Revisit: List list = new ArrayList();

K

Knute Johnson

I saw some code go by today that was;

Writer fw = new FileWriter(--- // since ... confuses some people

I know we had a discussion the other day about;

List list = new ArrayList();

and why you would do that. I'm curious as to how many people would do
the above with FileWriter, BufferedOutputStream, or FileOutputStream.

And why would you not;

Collection c = new ArrayList();

The other question I had is what do you call that? Is it a cast? A
sort of implicit cast across assignment?

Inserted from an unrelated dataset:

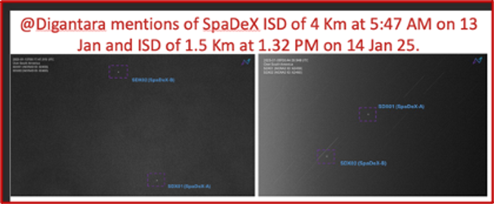 There was no update whatsoever from ISRO from 13-15 Jan 25 when two other Space agencies ‘Digantara’ an Indian start-up and ‘s2a systems’, a US space agency had created a flutter in India when they mentioned in social media ‘X’ that SpaDeX ISD on 13 Jan was 4 Km, 14 Jan 1.32 Km and 15 Jan 1.5 Km while making passes through their respective skies. ISD of both agencies were by and large matching BUT there was no comment or update from ISRO either confirming or denying their findings. If these data are correct, ISRO needs to do serious soul searching as to how its ISD drifted to as much as 4 Km on 13 Jan, 1.5 Km on 14thand 1.2 Km on 15 Jan 25 from the stated 3-meter separation that ISRO had mentioned on 12 Jan 25.

Is it mentioned in the JLS
someplace?

I'm not trying to get anyone's knickers in a twist with this, I'm just
curious, so please don't take it for anything more than that.

Thanks,
 
L

Lew

Knute said:
I saw some code go by today that was;

Writer fw = new FileWriter(--- // since ... confuses some people

I know we had a discussion the other day about;

List list = new ArrayList();

and why you would do that. I'm curious as to how many people would do
the above with FileWriter, BufferedOutputStream, or FileOutputStream.

It depends. I've done that, but not always. The best practice is to declare
a variable to be the most general type suitable to its purpose. Writer might
lack a method that, say, PrintWriter has, and thus you'd not declare a
variable Writer if you needed that extra method.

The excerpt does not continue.